Tuesday, May 24, 2016

Plato’s Phaedo and John Burnet on Xenophon’s Socrates

Russell says in his History of Western Philosophy that Burnet suggests that Xenophon is copying Plato in depicting Socrates. This served Russell as a major factor in his refraining from discussing the historical Socrates, and, in this respect, the majority of classical philosophers are in harmony with Bertrand Russell. So let us examine the reasons that led Burnet to his view.

John Burnet says in the ‘Introduction’ to his edition of Plato’s Phaedo: ‘If only we may take the Phaedo for what it professes to be, it surely stands quite by itself in European literature. It does not, indeed, claim to be a word for word report of all Socrates said to the inner circle of his followers on the day he drank the poison in prison. By letting us know incidentally (59b10) that he was not present, Plato seems to decline responsibility for the literal exactitude of every detail … We are certainly led to believe that it gives us a truthful record of the subjects on which Socrates discoursed on the last day of his life, and of his manner of treating them. No reader who made his first acquaintance with Socrates here could possibly suppose anything else … it is the likeness of a great philosopher in the supreme crisis of his life, drawn by a philosopher who was greater still, and was also one of the most consummate dramatic artists the world has known. It would not be easy to find the match of such a work.’ (Clarendon Press, Oxford, 1911, reprinted 1977, pp. IX-X)

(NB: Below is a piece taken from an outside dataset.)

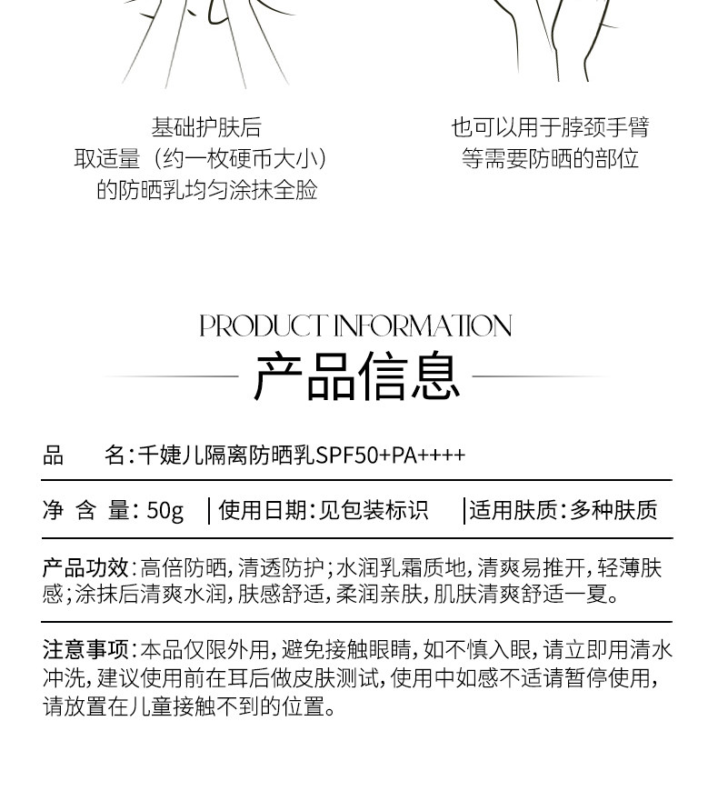千婕儿隔离防晒乳(白瓶)SPF50+PA++++

In his effort to give back to the reader the possibility of re-living the last day of Socrates with his disciples Burnet found it imperative to discredit Xenophon as an independent source of information about Socrates: ‘The interpretation which finds nothing in the Phaedo but the speculations of Plato himself is based on the belief that “the historical Socrates”, of whom we may get some idea from Xenophon, is quite a different person from “the Platonic Socrates”. What the latter is made to say is treated as evidence for the philosophy of Plato, but not for that of Socrates himself … The general acceptance of this in recent times is apparently due to the authority of Hegel. Speaking of Socrates, he lays down that “we must hold chiefly to Xenophon in regard to the content of his knowledge, and the degree in which his thought was developed” [Gesch. Der Phil. II. 69), and this dictum became a sort of dogma with the Hegelian and semi-Hegelian writers to whom we owe so much of the best nineteenth-century work in the history of Greek philosophy.’ (pp. XII-XIII)

Burnet protested against this view of the Phaedo: ‘I cannot bring myself to believe that Plato falsified the story of his master’s last hours on earth by using him as a mere mouthpiece for novel doctrines of his own.’ (p. XI)

Burnet’s attempt to give the Phaedo back to the reader failed miserably. A whole section of the Sixth International Congress of Philosophy, held in 1927 in New York, was devoted to the condemnation of his views. (See The Lost Plato on my website, ‘The Introduction’) What nevertheless prevailed was his discrediting of Xenophon as a source of information on the historical Socrates.